Indeed, in recent years the number of vision-based research articles addressing these topics is growing. To promote systematization of the field, as well as to provide an overview of the methods that can be used as a baseline for future work, this paper aims to provide a comprehensive survey of articles in this area, focusing on the visual modality. Based on the survey, we also provide technical best-practice recommendations for future work in the area, and propose future steps to further promote the field of animal affective computing.

2 Survey Scope and Structure

This survey covers works addressing automated recognition of pain and emotions in animals using computer vision techniques. This means that many interesting works related to automation of recognition of behavior in animals are left out of scope, including the large and important fields of animal motion tracking, precision livestock farming, methods for landmarks detection and 3D modeling of animal shapes. Moreover, due to our vision focus, we only consider research focused on the analysis of images or video, excluding works that are based on audio, wearable sensor data, or physiological signals.

We begin with an overview of relevant background within affective states research in non-human mammals (hereafter referred to as mammals) in Sect. 3. This section will be rather condensed, as previously published work covers this topic well. We provide pointers to this literature and summarize the findings. Section 4 provides an overview of computer vision-based approaches for classification of internal affective states in animals. We also include articles that perform facial AU recognition, since this task is closely connected to pain or affective states assessment. The articles included were identified by web search on Google using the terms ‘automated animal pain/affect/emotion recognition/detection’, ‘pain/affect/emotion recognition/detection in animals’, ‘computer vision based recognition of pain/affect/emotion in animals’, and by tracing references of the different works on Google Scholar.

We dissect these works according to the different workflow stages: data acquisition, annotation, analysis, and performance evaluation, respectively.
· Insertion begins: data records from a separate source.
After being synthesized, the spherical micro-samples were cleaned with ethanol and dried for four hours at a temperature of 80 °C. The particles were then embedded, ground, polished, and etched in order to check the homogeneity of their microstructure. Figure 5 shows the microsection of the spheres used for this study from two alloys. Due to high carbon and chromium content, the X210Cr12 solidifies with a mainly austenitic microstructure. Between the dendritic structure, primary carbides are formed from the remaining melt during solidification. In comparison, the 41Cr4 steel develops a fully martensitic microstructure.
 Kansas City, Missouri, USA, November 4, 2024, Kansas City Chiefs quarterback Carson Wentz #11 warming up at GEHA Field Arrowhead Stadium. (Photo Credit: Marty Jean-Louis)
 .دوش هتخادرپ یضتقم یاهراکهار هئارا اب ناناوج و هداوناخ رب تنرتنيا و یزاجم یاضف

For each of these steps, we identify and highlight the different approaches taken together with common themes and challenges. Based on our dissection and drawing parallels with human affective computing research, Sect. 5 provides some best practice guidance for future work related to technical issues, such as data imbalance, cross-validation and cross-domain transfer. Section 6 draws further conclusions from our analysis, identifying crucial issues that need to be addressed for pushing the field forward, and reflects on future research directions.
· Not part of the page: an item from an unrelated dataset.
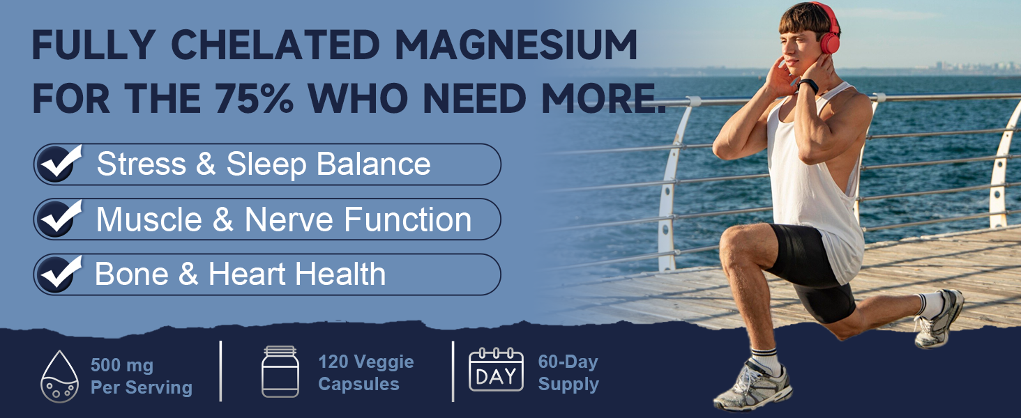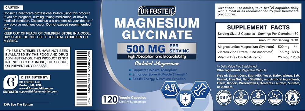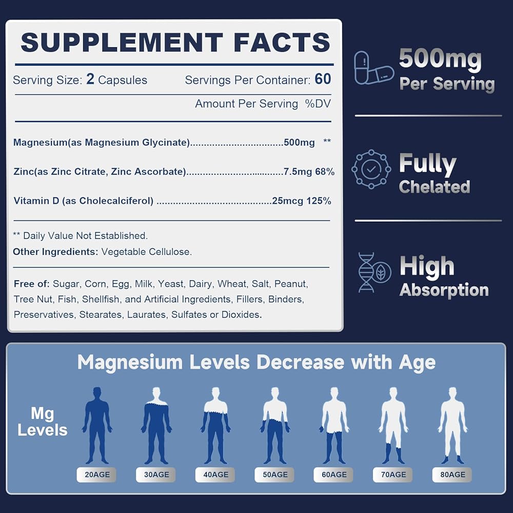 Golden Trio Formula: 2 daily capsules deliver 500mg of highly bioavailable chelated magnesium glycinate for adult needs. Fortified with synergistic Vitamin D3 and Zinc, ensuring superior absorption and maximum benefit to support your optimal wellness

3 Research on Pain and Emotions in Animals

In 2012, the Cambridge declaration on consciousness was signed, stating that “The absence of a neocortex does not appear to preclude an organism from experiencing affective states”. This implies that in addition to all mammals, even birds and other species, such as octopuses and crustaceans potentially experience emotions (Birch et al., 2021; Low et al., 2012). Affective states incorporate emotions, mood and other sensations, including pain, that have the property of valence (Mendl & Paul, 2020). Although the expression of emotions has been heavily discussed, there is no clear-cut definition of each of those terms, especially when referring to non-verbal individuals. As an example, a common approach for emotions is to consider them as intense, short-term affective states triggered by events in which reinforcers (positive reinforcers or rewards, and negative reinforcers or punishers) are present or expected (Paul & Mendl, 2018; Dawkins, 2008). Plutchik (1979) further suggested that emotions should provide a function aiding survival, which is relevant, but difficult to use as a working definition.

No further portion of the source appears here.